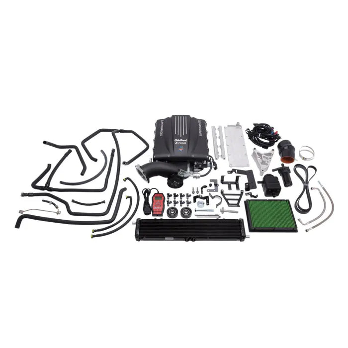 The Edelbrock supercharger Stage 1 Street System part #1564 for 2007-14 Suburban, Tahoe, Yukon & Yukon XL increases the performance of your 5.3L Gen IV engine to 384 horsepower and 390 ft-lbs of torque at the rear wheels. The core of this system is the Eaton Gen VI 2300 TVS rotating assembly with a four-lobe design with 160 degrees of twist for maximum flow, minimum temperature rise and quiet operation for excellent drivability. We also designed our superchargers with an integrated bypass valve to help eliminate parasitic loss under light throttle, improving mileage potential. Our unique and efficient inlet configuration results in a shorter, less restrictive intake path for improved airflow, without the need for a jack-shaft. Keeping the air cool is a high-capacity air-to-water intercooler and low-temp heat exchanger. The Edelbrock #1564 system is 50-state emissions legal. The supplied tune is intended for completely stock vehicles with the exception of a cat-back exhaust.
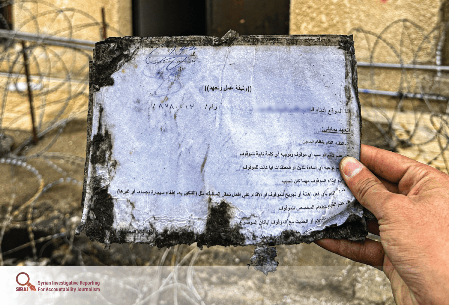 كانت الوثائق ملقاة ومبعثرة في كل مكان ضمن بهو السجن، وكانت عبارة عن تعهدات خطية مرقمة ومؤرخة وممهورة بتوقيع إداريين وسجانين بأسمائهم الصريحة وألقابهم العسكرية، تحوي كل واحدة منها بصمة “الموظف” ورتبته وتحمل عنوان “وثيقة عمل وتعهد”، والإخلال بها يترك “الموظف” تحت طائلة “المسؤولية القضائية”، ويوقع على الورقة مدير السجن محمود أحمد معتوق، الذي مات عام 2018 في “ظروف غامضة”.
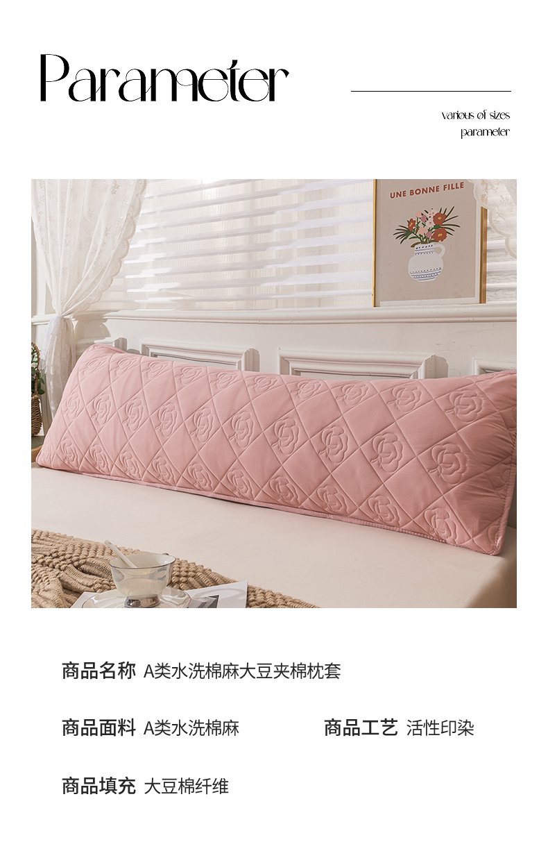 48x150【A类水洗棉麻夹棉枕套】
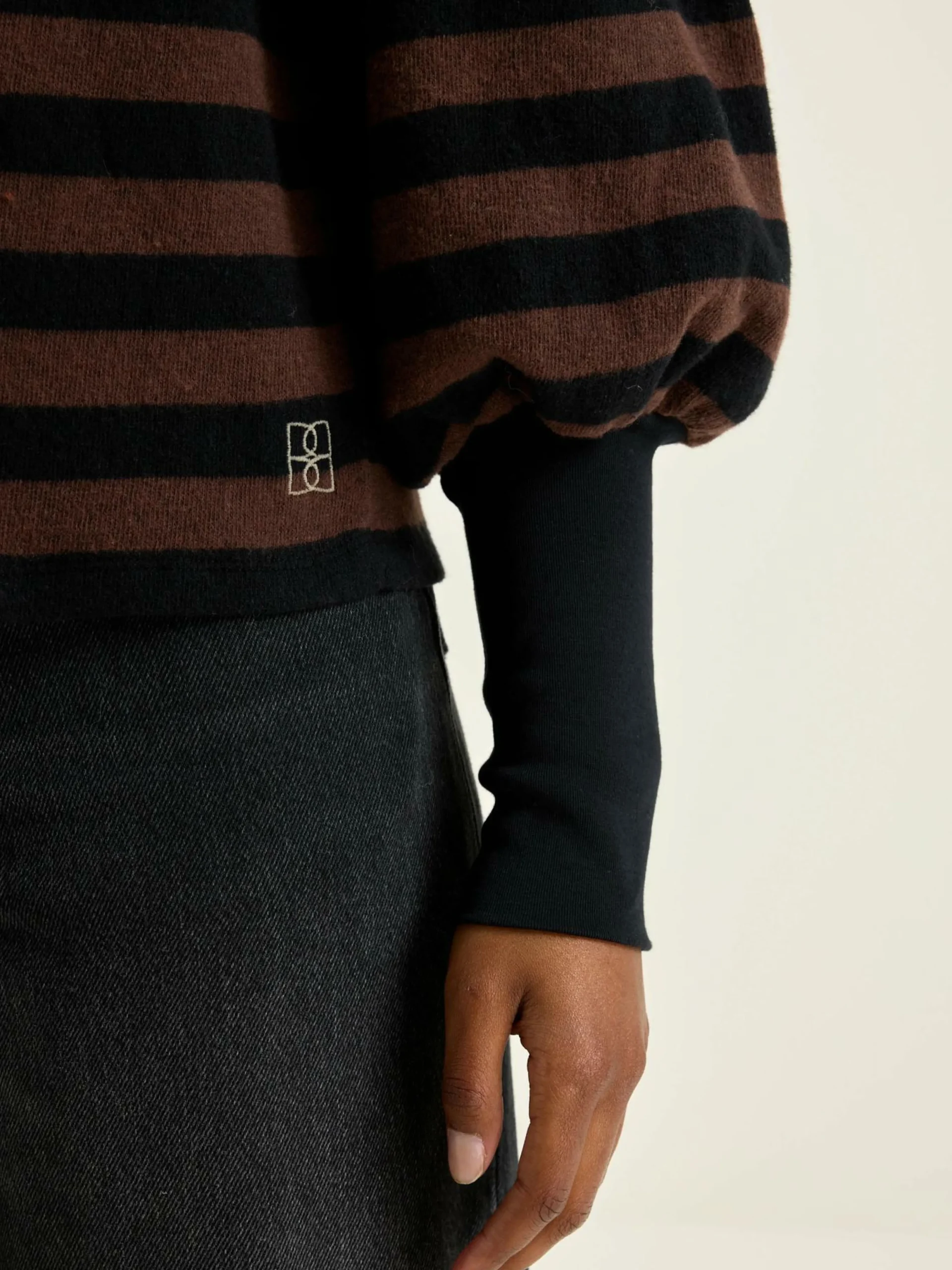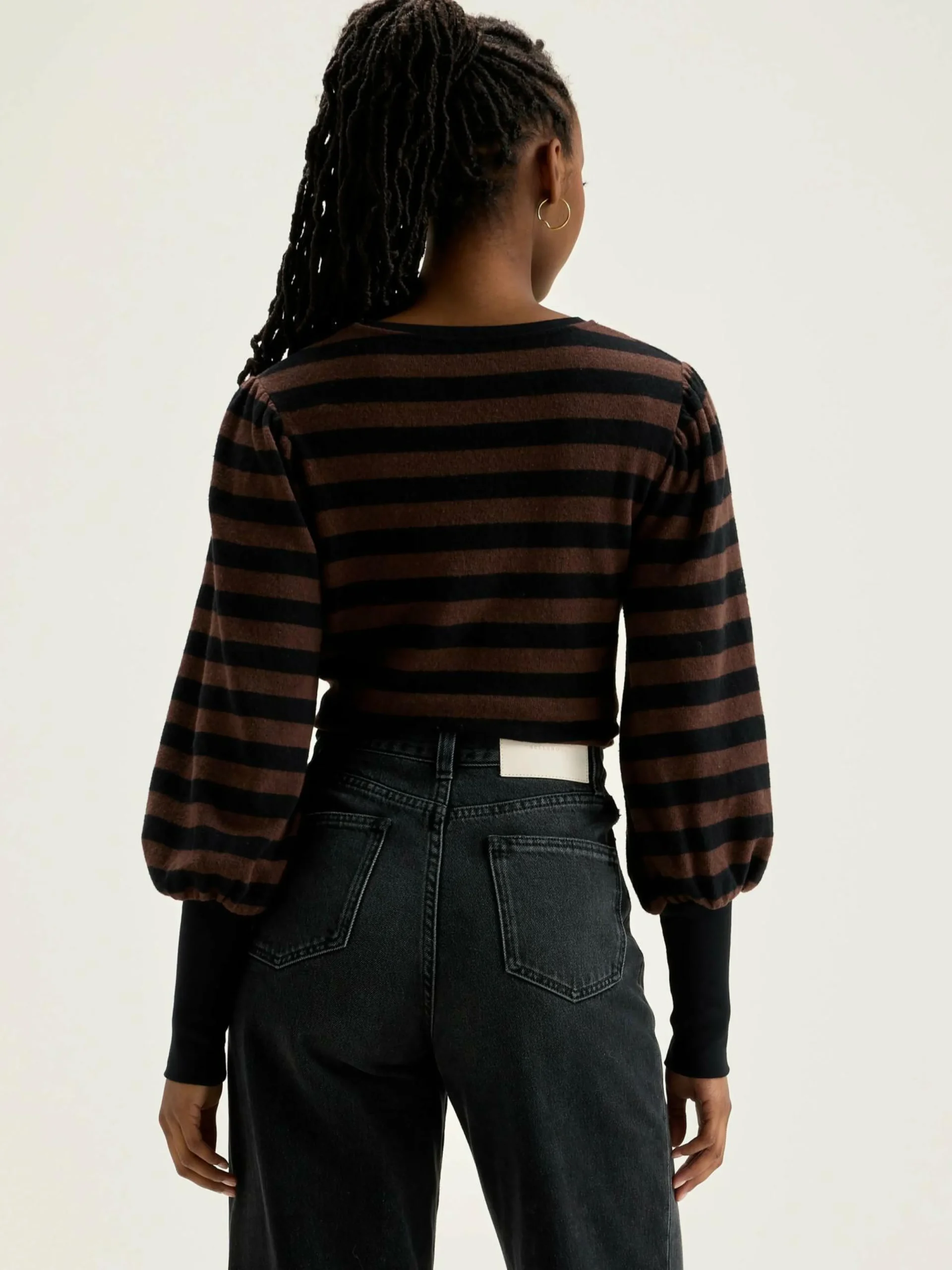 T-shirt en jersey rayé noir et brun, manches bouffantes, col rond et poignets ajustés.

* YOUR GOAL
Would you provide an exact, picture-free copy of the data above?

* RESPONSE TO THIS EXERCISE
 The Edelbrock supercharger Stage 1 Street System part #1564 for 2007-14 Suburban, Tahoe, Yukon & Yukon XL increases the performance of your 5.3L Gen IV engine to 384 horsepower and 390 ft-lbs of torque at the rear wheels. The core of this system is the Eaton Gen VI 2300 TVS rotating assembly with a four-lobe design with 160 degrees of twist for maximum flow, minimum temperature rise and quiet operation for excellent drivability. We also designed our superchargers with an integrated bypass valve to help eliminate parasitic loss under light throttle, improving mileage potential. Our unique and efficient inlet configuration results in a shorter, less restrictive intake path for improved airflow, without the need for a jack-shaft. Keeping the air cool is a high-capacity air-to-water intercooler and low-temp heat exchanger. The Edelbrock #1564 system is 50-state emissions legal. The supplied tune is intended for completely stock vehicles with the exception of a cat-back exhaust.
 كانت الوثائق ملقاة ومبعثرة في كل مكان ضمن بهو السجن، وكانت عبارة عن تعهدات خطية مرقمة ومؤرخة وممهورة بتوقيع إداريين وسجانين بأسمائهم الصريحة وألقابهم العسكرية، تحوي كل واحدة منها بصمة “الموظف” ورتبته وتحمل عنوان “وثيقة عمل وتعهد”، والإخلال بها يترك “الموظف” تحت طائلة “المسؤولية القضائية”، ويوقع على الورقة مدير السجن محمود أحمد معتوق، الذي مات عام 2018 في “ظروف غامضة”.
 48x150【A类水洗棉麻夹棉枕套】
 T-shirt en jersey rayé noir et brun, manches bouffantes, col rond et poignets ajustés.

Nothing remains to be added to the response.